And why such interest in space?

50 years ago, on holiday at my grandparents in Anykščiai, Lithuania, I saw a broadcast about the first landing on the Moon. I still have the book that I got on my birthday called Journey to Other Planets. It visually shows how space-ships work and what do they need for long-range flights in space. That book became one of my favourites. In general, space technologies stimulate curiosity, the desire to explore, to achieve more while also being a part of the latest discoveries. In the past, people were discovering new lands, and today the boundaries expanded to space.

The number of people even those who are not involved in space technology, who watch and admire SpaceX and other space technology companies, is impressive. After all, the day when people will have a permanent base in the Moon when taking a flight to space will be similar to travelling by plane, is close.

Whether we will be just tourists or developers, everything depends on us: how curious and active we will be, how much we will want to learn. I am talking not only about technology but also about other subjects, that any educated person needs.

Interest in space probably led you to study engineering?

Fascination with space boosts the interest in technology. I liked electronics since childhood. I learned a lot from my father, who was an electronics engineer and a lecturer. Together we repaired cars in the garage and this job requires a lot of engineering thinking. I tried new things, learned while playing. When I was still at school, I replaced the doorbell button with a touch sensor, so common today – the guests didn’t understand how to use it.

Engineering thinking is useful in other areas as well. For instance, an express delivery business that I created with my friends does not have a direct connection with electronics but studying technology and, later, an experience in academia helped me to come up with rational, logic and creative solutions.

Do you see many opportunities for space research in Lithuania?

We have to change how we think: we are not too small, nor weak to become a country, which can set foot in space. By looking up, by pursuing further goals we can accomplish great things in other areas as well. Today, many believe that it is possible to create interesting things in Lithuania.
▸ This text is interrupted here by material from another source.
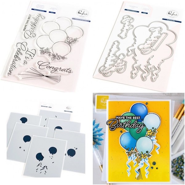 Ribbons and Balloons Stamp, Die and Stencil Combo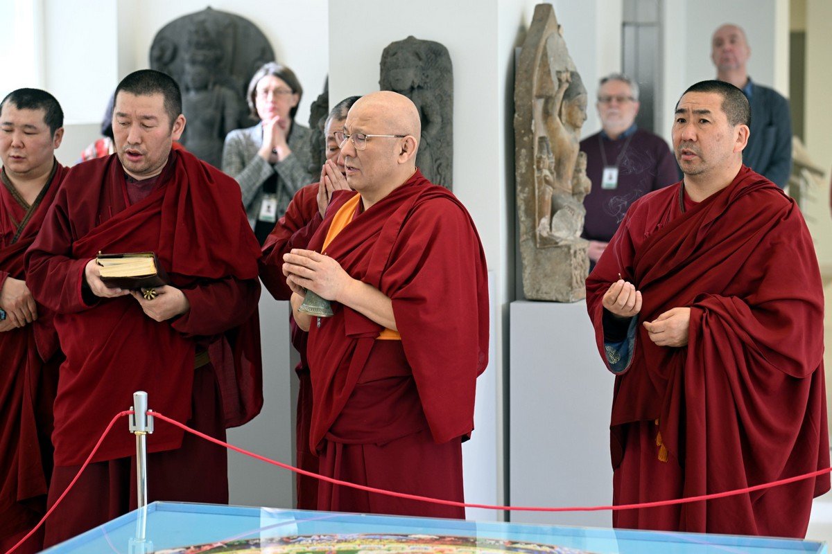 «Она относится к гневному божеству, которое называется Ваджрабхайрава – это гневное воплощение божества мудрости [Манджушри]. Мы очень почитаем это соединение микро- и макрокосмоса, и это, наверное, у нас единственная такая песчаная мандала, которая не разобрана. Дело в том, что буддизм учит: все в мире – это пустота и иллюзия, и разрушение мандалы обычно как раз демонстрирует эту пустотность и эту иллюзорность мира. В данном случае мы сохраняем ее как подарок», – добавила Елихина.

An important scientific accomplishment was the creation and the launch of two Lithuanian nanosatellites. The enthusiastic teams of KTU and Vilnius University students and lecturers together with NASA proved that Lithuania can be visible in space industry. We have also invited influential guests from NASA. With one of its executives, Pete Worden, we are communicating to this day. All this led the decisions on state-level: since then, Lithuania has signed agreements that allow to participate and to start accession process to the European Space Agency. Also, the Lithuanian Space Office has recently been opened.

The Bank of Lithuania issued a coin commemorating the 5th anniversary of Lithuanian satellites’ launch. We now have commercial satellites under the development, Lithuanian scientists carry out a lot of space-related research while closely working with NASA and the European Space Agency. I am sure that there are many space-related opportunities for technology students.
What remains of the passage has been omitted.